Fotograma de Campesinos, de Marta Rodríguez

“La memoria del pueblo es la historia del pueblo, y hay que recuperarla críticamente de la amnesia colectiva, impuesta por quienes detentan el poder como forma de adormecer las consciencias, porque para ellos, la memoria del pueblo, es subversiva”.

Rodada en 16 mm, Rodríguez, junto a Jorge Silva, director de fotografía y su pareja, se introducen en el mundo de las haciendas cafetaleras, estados dentro de estados, con sus propias normas e injusticias, en las que el terrateniente ejerce el poder administrativo, judicial y legislativo con el beneplácito de unos sacerdotes cómplices que, sin pudor, usan la religión para domesticar al campesinado, convenciéndoles de que la riqueza del campesinado está en la Gloria.

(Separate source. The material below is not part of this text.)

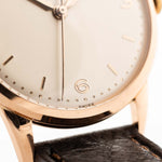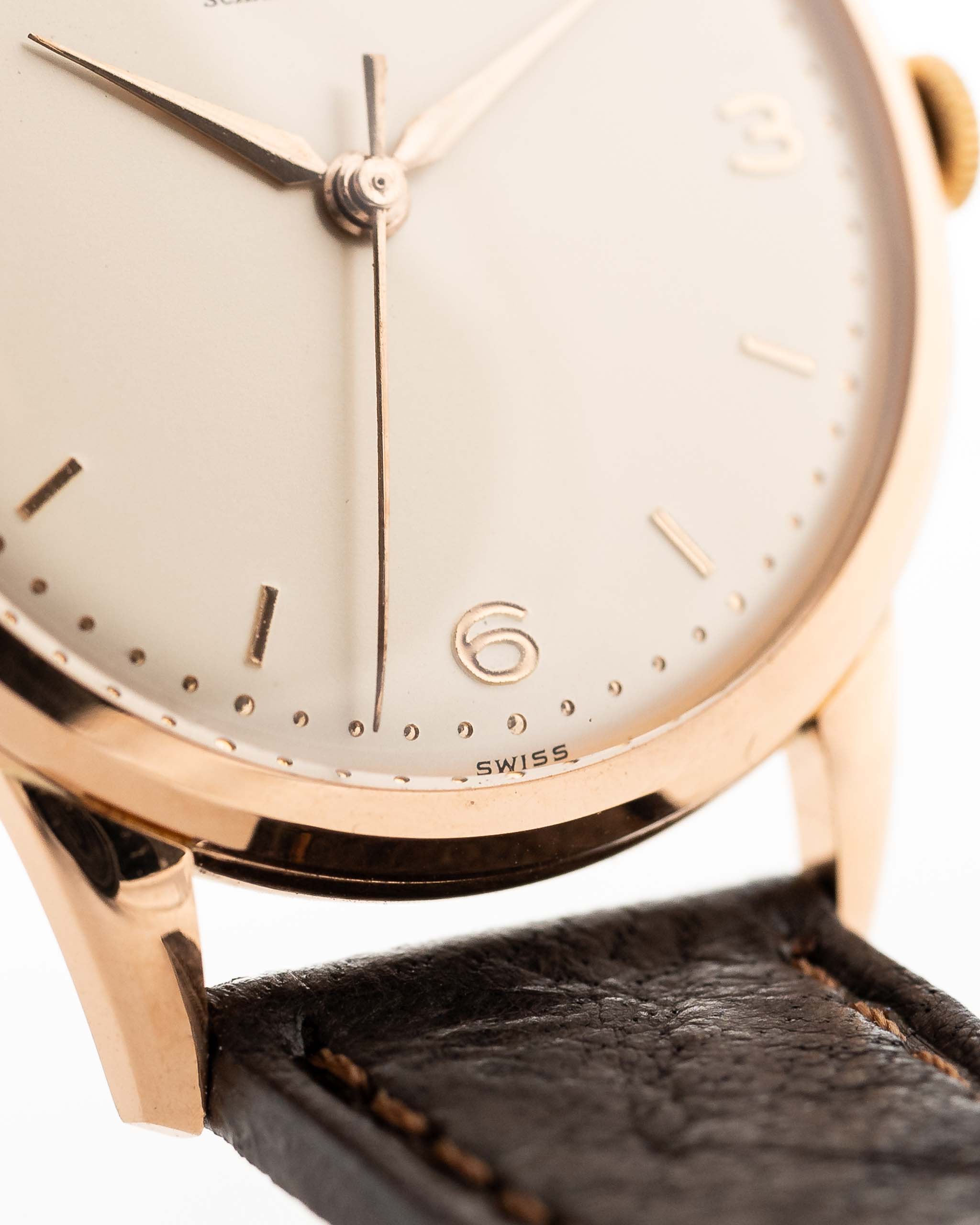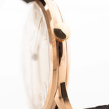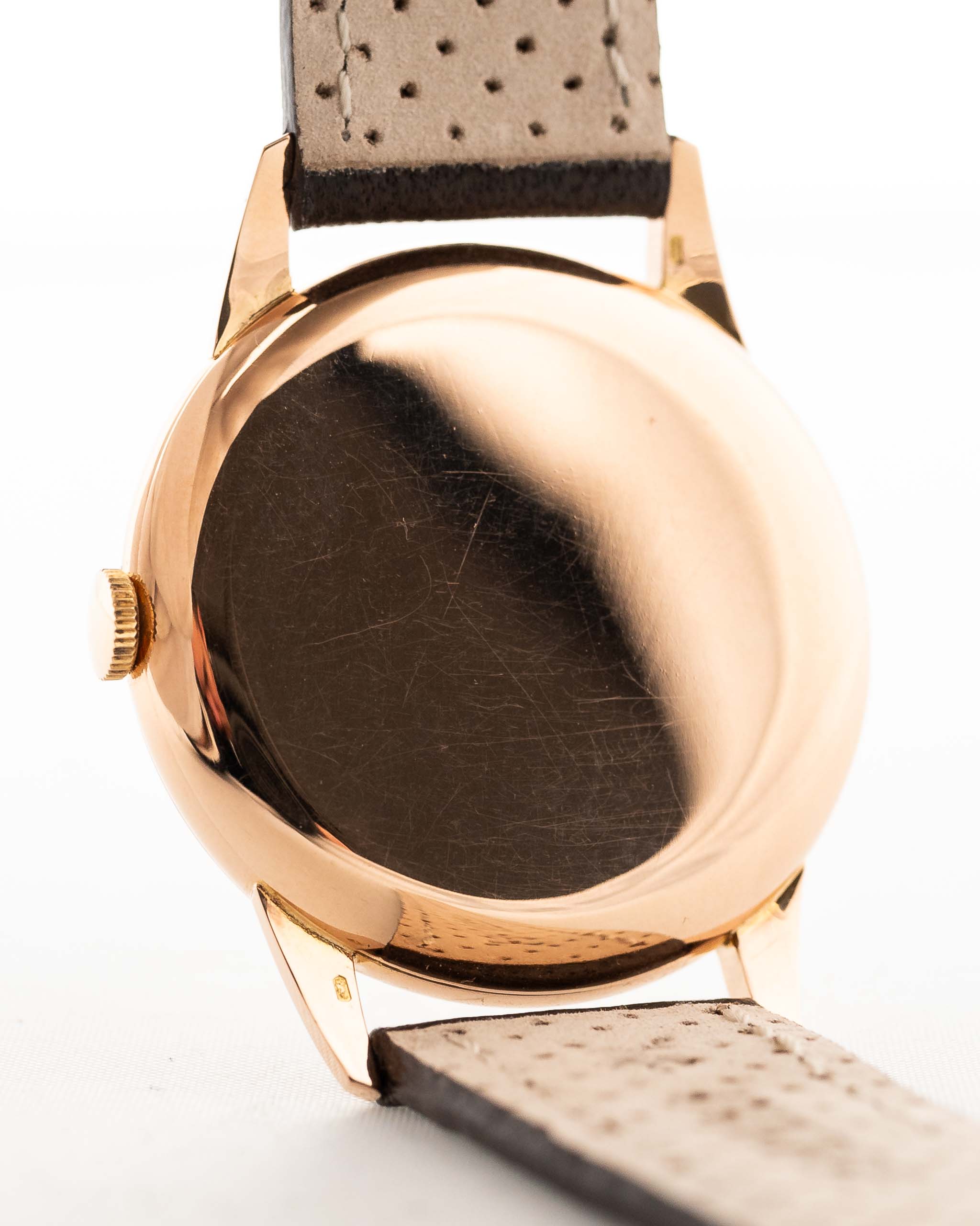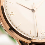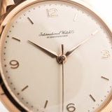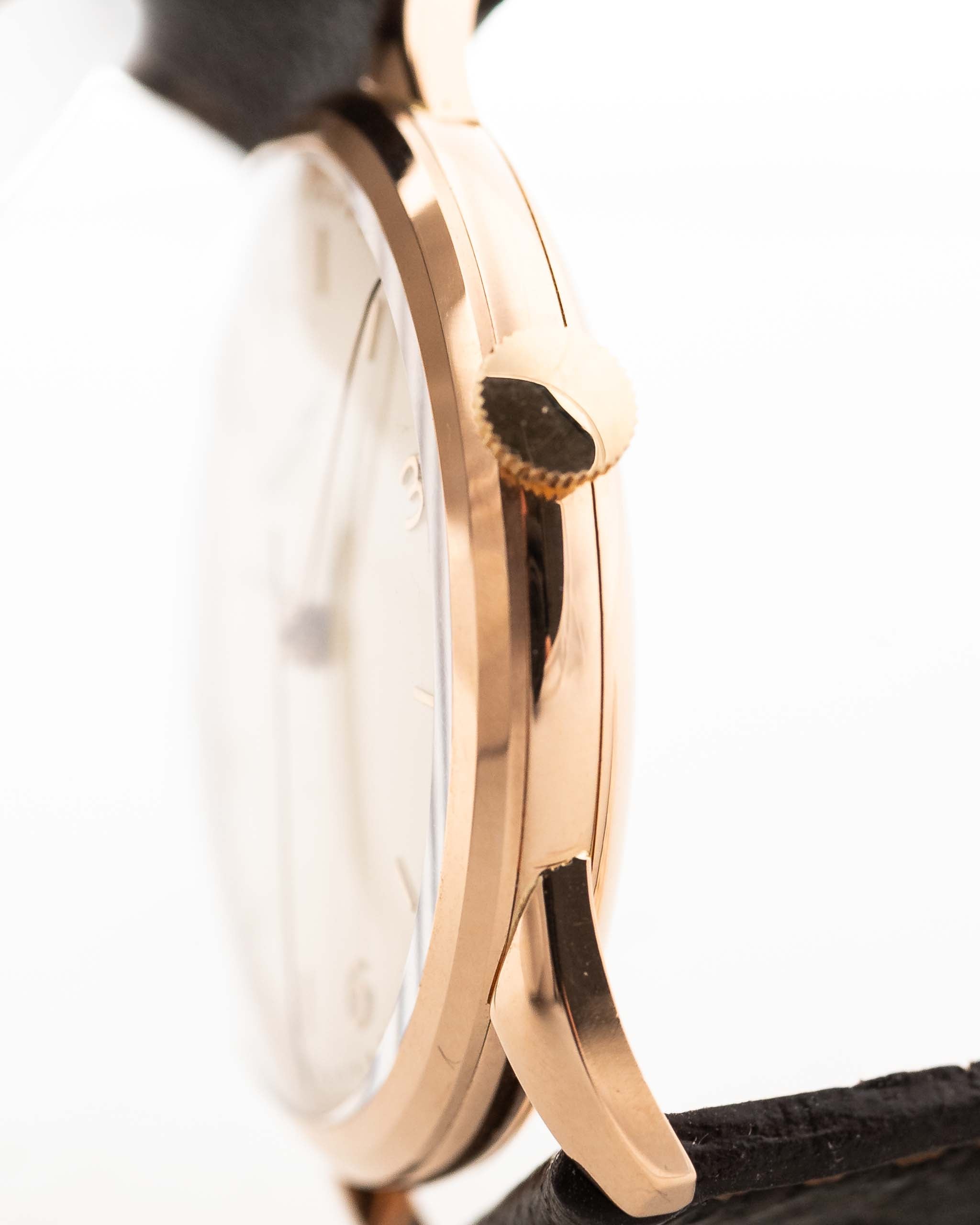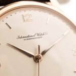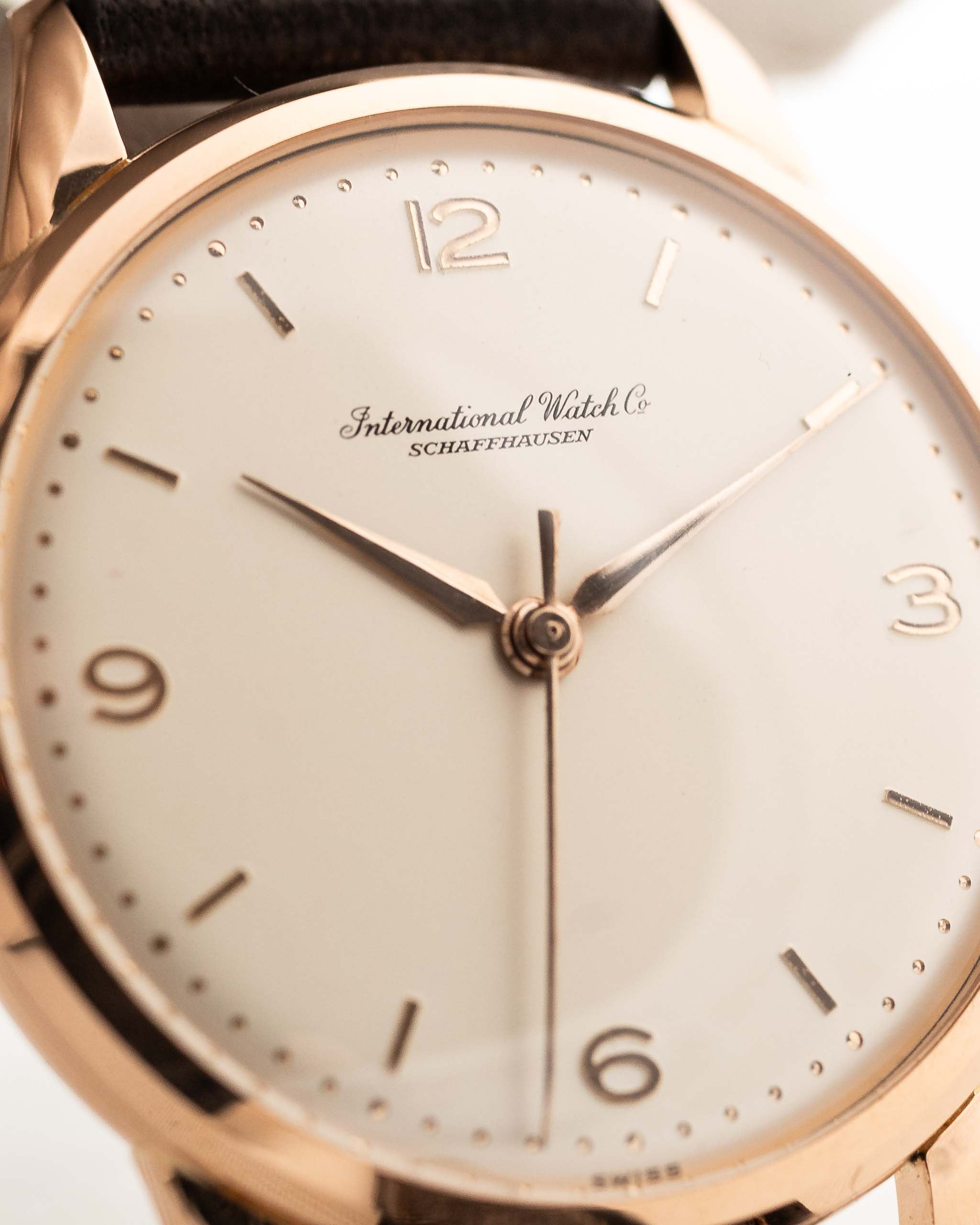 IWC has produced a very wide variety of wristwatches from an early time ranging from dress watches to aviation watches. This example, in 18k rose gold with it's white/silver dial with twelve, three, six nine layout would remain a constant in anyone's collections, especially as it comes with beautiful slight down turned lugs.

Detrás de cada flor hay una muerte

Otro trabajo representativo de la filosofía documental de Rodríguez es Amor, mujeres y flores, que aborda el lado más perverso de ese mundo utópico y poético que suele envolver a las flores, siempre bellas. Y mortales. El degoteo de testimonios que han perdido la salud, literalmente, en el negocio de la floricultura y la horticultura en los invernaderos de flores de Colombia apabulla. Claveles, rosas y crisantemos para exportar a Estados Unidos que durante la década de los ochenta causaron abortos, malformaciones en fetos, problemas cardiorespiratorios, epilepsia, vértigos leucemias y envejecimiento y muerte prematura a causa del uso de productos nocivos. Bayern estaba detrás, y como suele ocurrir, la tragedia llevaba nombres de mujeres detrás Y sí, de baja extracción social.

“La flor sigue linda y la mujer se marchita”.

Fragmento de Amor, mujeres y flores, de Marta Rodríguez.

Es esta, también una historia de lucha entre patrones y trabajadoras, de salarios y condiciones de trabajo infrahumanas, de abuso, chantajes, despidos por parte de la Bogota Flower Ltda, quien llevó al ejército colombiano (que acarreaba fusiles y gases) para echar a las trabajadoras que, tras 55 días de paro, habían conseguido tomar la empresa. “Flores, alegría, mundo de color, ternura, poesía, belleza, amor… se iba a hacer un homenaje a la industria de la floricultura, pero nos encontramos con que el drama de los pesticidas y la explotación de la mano de obra femenina era aberrante”, aseguró Rodríguez.

En su trayectoria como documentalista, Marta Rodríguez también abordó los desastres naturales, como la subida del río Gualí a causa de la erupción del volcán Nevado del Ruiz en noviembre de 1985. Nacer de Nuevo es un documental corto, de tono intimista, sin voz en off y narrado en primera persona; de una delicadeza extraordinaria; una historia simple en las que suele sobrar el contexto. Y una frase que resuena cuando empiezan a aparecer los créditos: “Uno tiene que tener valor hasta para morirse”. También se puede ver estos días en Filmin.

Tráiler de Chircales, de Marta Rodríguez y Jorge Silva.

Finalmente, en la Mostra se puede disfrutar de Chircales, que da buena muestra de las condiciones de trabajo de los obreros alfareros que faenaban a las afueras de Bogotá, en la industria del ladrillo. Trabajo infantil, intoxicaciones causadas por los hornos que fueron silenciadas, alcoholismo, paros forzados, servilismo al patrón y explotación son los protagonistas de este documental; duro y recio, áspero y quizás una de las mejores muestras del trabajo cinematográfico de Rodríguez.

“El obrero, desalojado por la miseria y la violencia política, traslada su estatus de siervo bajo un amo del latifundio agrario al latifundio urbano”.